*AIM OF THE TASK*.
The records that follow need to be printed exactly. Leave out each image.

(Beginning of DATA TO USE)

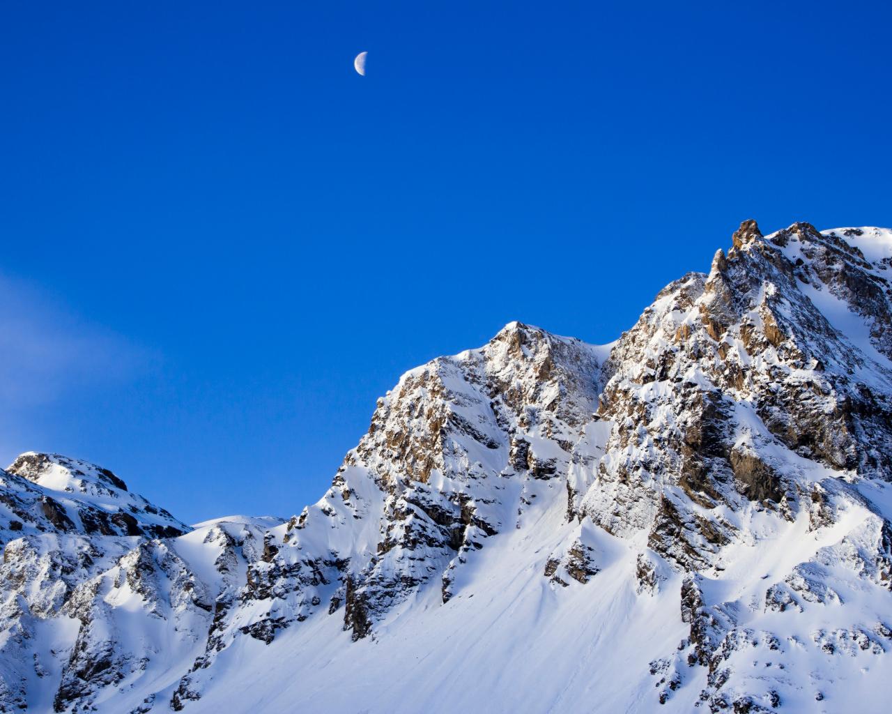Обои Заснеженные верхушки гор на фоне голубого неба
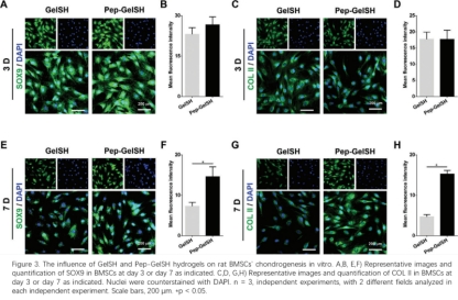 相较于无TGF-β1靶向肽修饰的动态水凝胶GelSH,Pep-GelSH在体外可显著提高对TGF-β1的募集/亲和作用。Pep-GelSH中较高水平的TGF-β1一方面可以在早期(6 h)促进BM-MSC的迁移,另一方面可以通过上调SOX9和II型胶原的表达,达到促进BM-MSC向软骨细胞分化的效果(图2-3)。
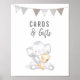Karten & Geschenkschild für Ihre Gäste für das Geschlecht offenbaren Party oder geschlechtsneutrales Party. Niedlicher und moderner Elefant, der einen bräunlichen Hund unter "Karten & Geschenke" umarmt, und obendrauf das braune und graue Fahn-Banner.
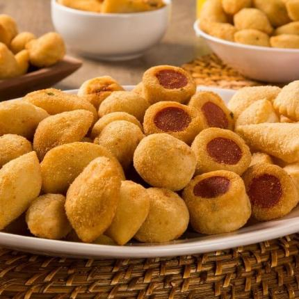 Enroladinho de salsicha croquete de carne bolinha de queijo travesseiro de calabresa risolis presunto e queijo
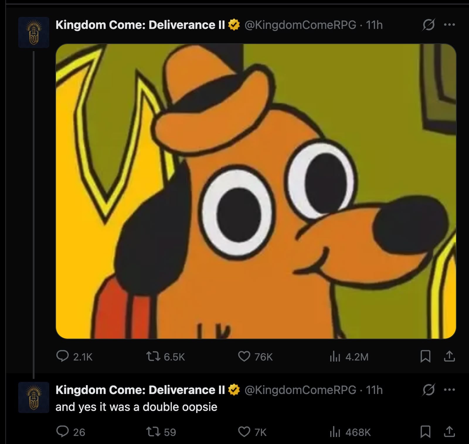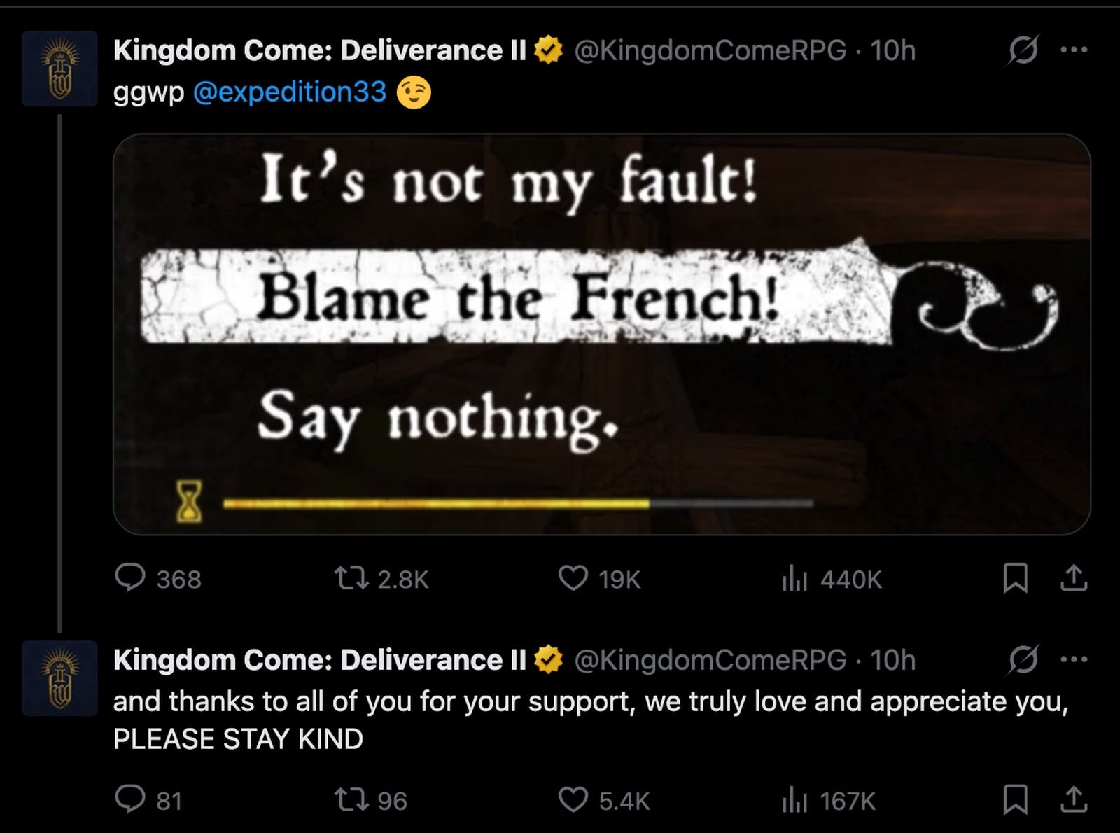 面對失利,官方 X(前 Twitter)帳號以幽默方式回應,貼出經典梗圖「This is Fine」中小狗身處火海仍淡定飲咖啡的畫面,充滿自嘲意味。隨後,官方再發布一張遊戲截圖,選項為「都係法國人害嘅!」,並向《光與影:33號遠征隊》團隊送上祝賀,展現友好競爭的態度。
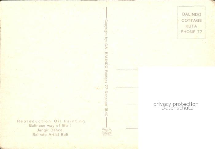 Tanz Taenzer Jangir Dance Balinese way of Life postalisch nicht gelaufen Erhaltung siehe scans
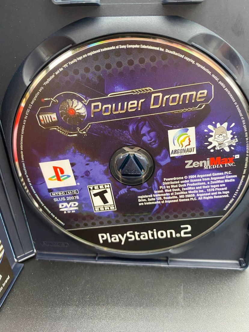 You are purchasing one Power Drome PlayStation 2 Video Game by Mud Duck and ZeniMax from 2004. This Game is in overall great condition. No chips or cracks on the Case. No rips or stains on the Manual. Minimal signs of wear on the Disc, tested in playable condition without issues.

(End of DATA TO USE)

*EXERCISE ANSWER*.
Обои Заснеженные верхушки гор на фоне голубого неба
 相较于无TGF-β1靶向肽修饰的动态水凝胶GelSH,Pep-GelSH在体外可显著提高对TGF-β1的募集/亲和作用。Pep-GelSH中较高水平的TGF-β1一方面可以在早期(6 h)促进BM-MSC的迁移,另一方面可以通过上调SOX9和II型胶原的表达,达到促进BM-MSC向软骨细胞分化的效果(图2-3)。
Karten & Geschenkschild für Ihre Gäste für das Geschlecht offenbaren Party oder geschlechtsneutrales Party. Niedlicher und moderner Elefant, der einen bräunlichen Hund unter "Karten & Geschenke" umarmt, und obendrauf das braune und graue Fahn-Banner.
 Enroladinho de salsicha croquete de carne bolinha de queijo travesseiro de calabresa risolis presunto e queijo
 面對失利,官方 X(前 Twitter)帳號以幽默方式回應,貼出經典梗圖「This is Fine」中小狗身處火海仍淡定飲咖啡的畫面,充滿自嘲意味。隨後,官方再發布一張遊戲截圖,選項為「都係法國人害嘅!」,並向《光與影:33號遠征隊》團隊送上祝賀,展現友好競爭的態度。
 Tanz Taenzer Jangir Dance Balinese way of Life postalisch nicht gelaufen Erhaltung siehe scans
 You are purchasing one Power Drome PlayStation 2 Video Game by Mud Duck and ZeniMax from 2004. This Game is in overall great condition. No chips or cracks on the Case. No rips or stains on the Manual. Minimal signs of wear on the Disc, tested in playable condition without issues.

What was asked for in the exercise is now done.